Mowai is a village in Jalandhar district of Punjab State, India. It is located 13 km from Phillaur, 45 km from district headquarter Jalandhar and 124 km from state capital Chandigarh. The village is administrated by a sarpanch who is an elected representative of village as per Panchayati raj (India).

== Demography ==
According to the report published by Census India in 2011, Mowai has a total number of 189 houses and population of 831 of which include 418 males and 413 females. Literacy rate of Mowai is 72.32%, lower than state average of 75.84%. The population of children under the age of 6 years is 58 which is 6.98% of total population of Mowai, and child sex ratio is approximately 933 higher than state average of 846.
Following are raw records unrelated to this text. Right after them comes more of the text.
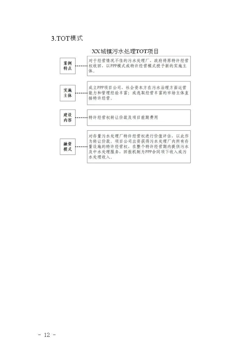 可采用政府將低效運(yùn)營(yíng)的存量垃圾污水處理設(shè)施的特許經(jīng)營(yíng)權(quán)先行收回,再通過(guò)實(shí)施模式(TOT模式)授予新實(shí)施主體特許經(jīng)營(yíng)權(quán),既可避免資產(chǎn)轉(zhuǎn)讓產(chǎn)生高額稅費(fèi),又可不受并購(gòu)類貸款相關(guān)限制。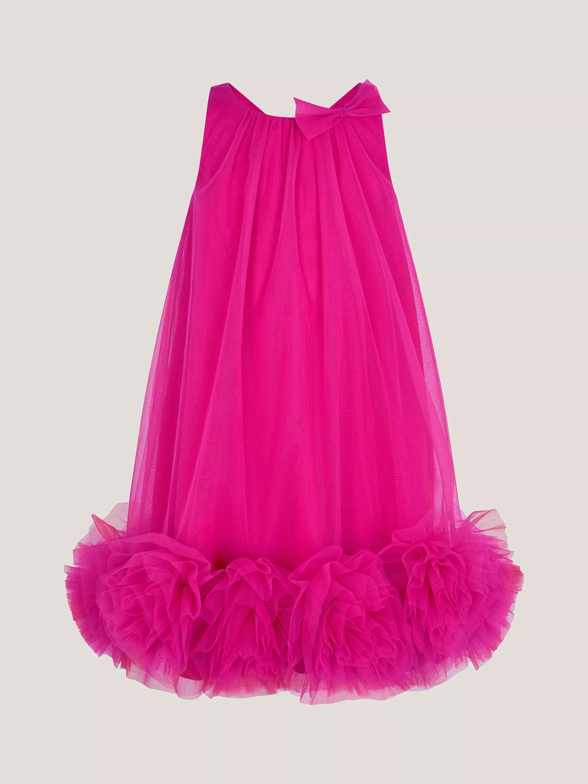 Barbie would so have this in her wardrobe. Showcasing a party-ready pink, this tulle dress is designed in a classic swing silhouette, with a cute bow at the neckline and XL pom-poms at the hem. Finished with a back button fastening.
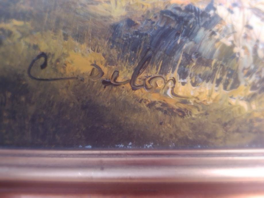 Prodajem sliku,motiv priroda. Slika je ulje na lesonitu. Nastala je negdje između 1930-1950 g,procjena. Ime autora je na jednoj od fotografija. Dimenzije su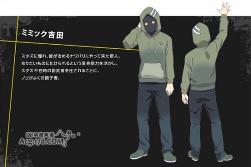 新公开人设的布拉德·T·丽兹是男主的妹妹,声优将由本作动画ED《BLOODY HOLIC》的演唱者南里侑香担当,而加入男主地盘的新人模仿秀的吉田则由山本和臣担当。而人造人帕普拉东·阿基姆则由老牌人气声优游佐浩二担当!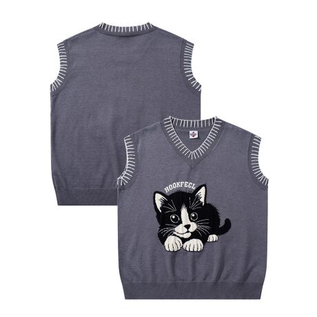 キュートな猫のイラストが目を引く、遊び心満載のニットベスト。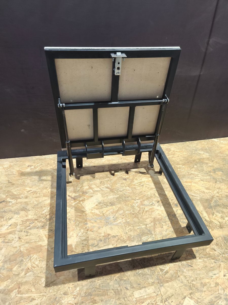 Самоподъёмный напольный люк представляет собой практичное решение для организации доступа к нижним помещениям (погреб, подвал) с возможностью маскировки проема под различные напольные покрытия.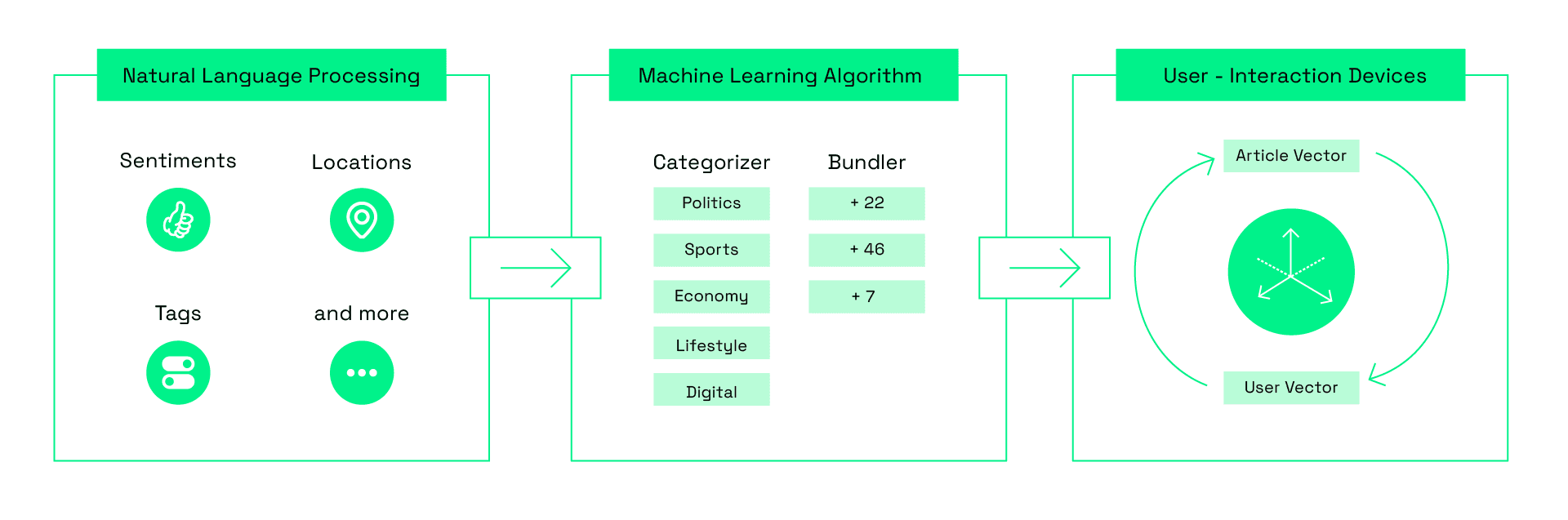Mit natürlicher Sprachverarbeitung und künstlicher Intelligenz sollen eingehende Nachrichtenartikel gefiltert, gebündelt und verstanden werden. Dann nutzen wir diese Informationen, um die Inhalte auf die Nachrichtenkonsument:innen abzustimmen.

Most of the people are from Schedule Caste which constitutes 34.66% of total population in Mowai. The town does not have any Schedule Tribe population so far.
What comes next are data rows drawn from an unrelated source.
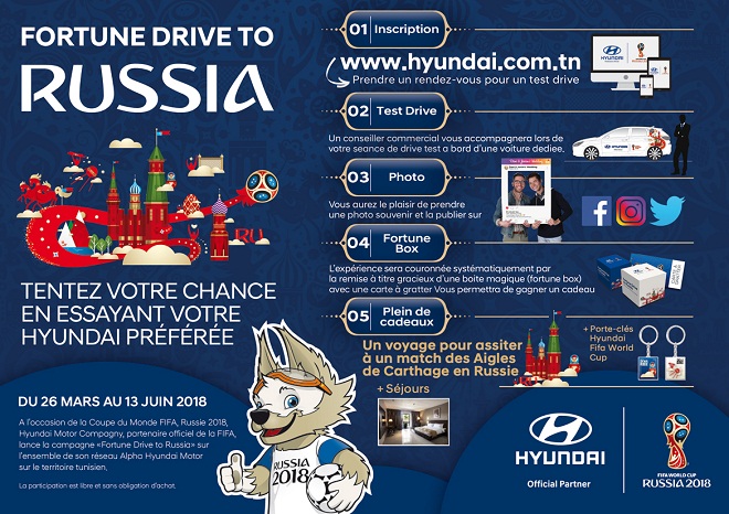 Tunisie-Tribune – La société Alpha Hyundai Motor, distributeur officiel de la firme automobile sud-coréenne Hyundai en Tunisie pour les véhicules particuliers, lance, en collaboration avec Hyundai Motor Company, partenaire officiel de la FIFA, la campagne « Fortune Drive to Russia » à l’occasion de la Coupe du Monde FIFA, Russie 2018™. La campagne est un jeu promotionnel ouvert et sans obligation d’achat.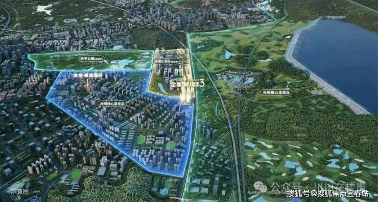 项目位于光明未来核心居住区、规划CBD、生态区“三芯”交汇处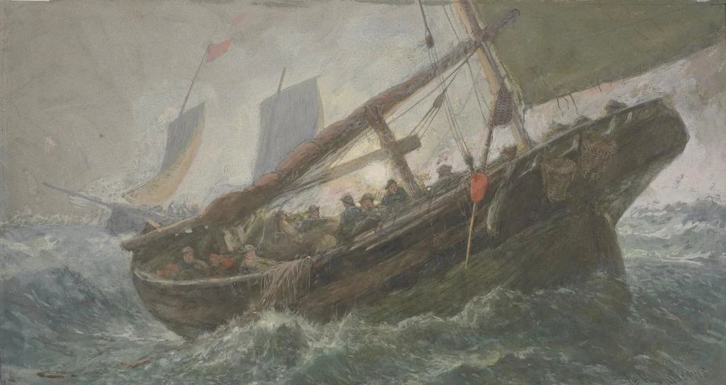 Zeilboot op zee: een ode aan het maritieme leven De kunstdruk "Zeilboot op zee" van George Henry Andrews roept een levendige en dynamische scène op van het leven op het water. De diepe blauwtinten en de nuances van groen vermengen zich harmonieus, waardoor een sfeer ontstaat die zowel rustgevend als levendig is. De techniek van de kunstenaar, gekenmerkt door vloeiende penseelstreken, brengt de golven tot leven die lijken te dansen rond de boot. Deze, stevig verankerd in zijn omgeving, wordt het symbool van een maritiem avontuur en nodigt de kijker uit om de zeebries en de geur van zout te voelen. Het licht speelt een cruciale rol door de hemel te verlichten en de details van de kunstdruk te accentueren, waardoor deze boeiende en levendige reproductie ontstaat. George Henry Andrews: een meester van maritiem realisme George Henry Andrews, actief in de 19e eeuw, staat bekend om zijn werken die de schoonheid en de ruigheid van het maritieme leven vastleggen. Geïnspireerd door de realistische beweging, streeft hij ernaar de zee en haar activiteiten met verbluffende precisie te weergeven. Zijn kunstdrukken, vaak geïnspireerd door zijn reizen langs de Britse kusten, getuigen van een diepe bewondering voor de natuur en de mensen die haar exploiteren. Andrews heeft naam gemaakt in de kunstwereld, en zijn werk heeft vele hedendaagse kunstenaars beïnvloed. Door elementen van het dagelijks leven van vissers te integreren, heeft hij een essentieel aspect van de maritieme cultuur van zijn tijd weten te vereeuwigen. Een decoratief stuk met vele voordelen De reproductie van de "Zeilboot op zee" is een ideaal decoratief stuk voor diverse ruimtes, of het nu in een woonkamer, kantoor of slaapkamer is. De kwaliteit van de afdruk en de trouw aan de oorspronkelijke kleuren maken het een aantrekkelijke keuze voor wie een vleugje maritieme elegantie in hun interieur wil brengen. Deze kunstdruk, met zijn rustgevende sfeer en boeiende esthetiek, trekt de aandacht en wekt nieuwsgierigheid. Door voor dit doek te kiezen, kiest u voor een kunstwerk dat niet alleen uw ruimte verfraait, maar ook een verhaal vertelt, dat van de mannen en vrouwen die in harmonie met de zee leven.

As per census 2011, 277 people were engaged in work activities out of the total population of Mowai which includes 239 males and 38 females. According to census survey report 2011, 86.64% workers describe their work as main work and 13.36% workers are involved in marginal activity providing livelihood for less than 6 months.

== Transport ==
Bilga railway station is the nearest train station at only 1.5 km. And second Partabpura railway station is the nearest train station however, Phillaur Junction train station is 12.8 km away from the village. The village is 44 km away from domestic airport in Ludhiana and the nearest international airport is located in Chandigarh. Sri Guru Ram Dass Jee International Airport is the second nearest airport which is 138 km away in Amritsar. Mowai has its own small bus stand from where you can take direct busses to Delhi and other cities.